11,000 jobs under threat as BHS set to file for administration

Updated

Beleaguered high street department chain BHS will file for administration today, threatening almost 11,000 jobs.

A spokesman for the retailer said the 88-year-old business will call in administrators after being unable to secure a rescue package to save the firm.

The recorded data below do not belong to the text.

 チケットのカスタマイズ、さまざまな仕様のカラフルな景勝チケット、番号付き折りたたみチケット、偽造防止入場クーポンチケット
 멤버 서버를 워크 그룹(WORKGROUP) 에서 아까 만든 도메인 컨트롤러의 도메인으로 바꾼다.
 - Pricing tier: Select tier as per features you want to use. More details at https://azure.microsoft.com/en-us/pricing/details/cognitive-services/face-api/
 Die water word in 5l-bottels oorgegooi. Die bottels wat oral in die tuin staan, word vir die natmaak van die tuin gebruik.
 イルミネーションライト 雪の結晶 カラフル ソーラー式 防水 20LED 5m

A formal announcement is expected just before noon.

BHS was bought last year by a consortium called Retail Acquisitions for £1 from retail entrepreneur Sir Philip Green.

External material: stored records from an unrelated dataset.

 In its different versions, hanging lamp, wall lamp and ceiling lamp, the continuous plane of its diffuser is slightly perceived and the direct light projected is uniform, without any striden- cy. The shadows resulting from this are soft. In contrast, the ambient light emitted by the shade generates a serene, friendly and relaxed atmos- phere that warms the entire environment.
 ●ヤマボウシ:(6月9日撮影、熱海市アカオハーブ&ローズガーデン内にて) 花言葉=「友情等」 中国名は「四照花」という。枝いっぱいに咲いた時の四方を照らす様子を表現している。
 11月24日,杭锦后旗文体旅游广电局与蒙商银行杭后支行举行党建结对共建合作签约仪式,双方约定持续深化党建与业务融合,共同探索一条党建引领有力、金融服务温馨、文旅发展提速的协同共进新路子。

The retailer has debts of more than £1.3 billion, including a pension fund deficit of £571 million.

Sir Philip is reported to have offered £80 million towards the cost of BHS pensions, though the regulator could still pursue further payment from the retail billionaire.

Sir Philip bought BHS for £200 million in 2000.

Rival retailer Sports Direct is understood to want to some of BHS's 164 stores, but will only do so if it does not have to take on any pension liabilities.

Shopworkers' trade union Usdaw said it was "seeking urgent clarification from the company".

The collapse of BHS would be the biggest retail failure since Woolworths folded in 2008 with the loss of almost 30,000 jobs.

Retail experts said BHS has suffered from years of under-investment, leaving its range and estate looking tired.

The fashion and homewares chain was thrown a lifeline last month when creditors backed two company voluntary arrangements (CVA) designed to revive its ailing business by cutting the cost of its leases and preventing widespread store closures.

However, the deal hit problems last week when a £60 million loan, making up a crucial part of the deal, had not been secured.

Joe Rundle, head of trading at ETX Capital, said: "BHS may have been another Woolworths that struggled to adapt to the new retail world.

"But the same pressures that squeezed the life out of BHS are being felt across the UK retail sector today."

The owner of BHS, Dominic Chappell, has said that "no one is to blame" for the retailer's imminent collapse.

Speaking to the Press Association, Mr Chappell said: "No one is to blame, it was a combination of bad trading and not being able to raise enough money from the property portfolio. In the end, we just couldn't reach an agreement with Arcadia over pensions."

He added that he will continue to work with the administrators Duff & Phelps to "find a solution post the administration".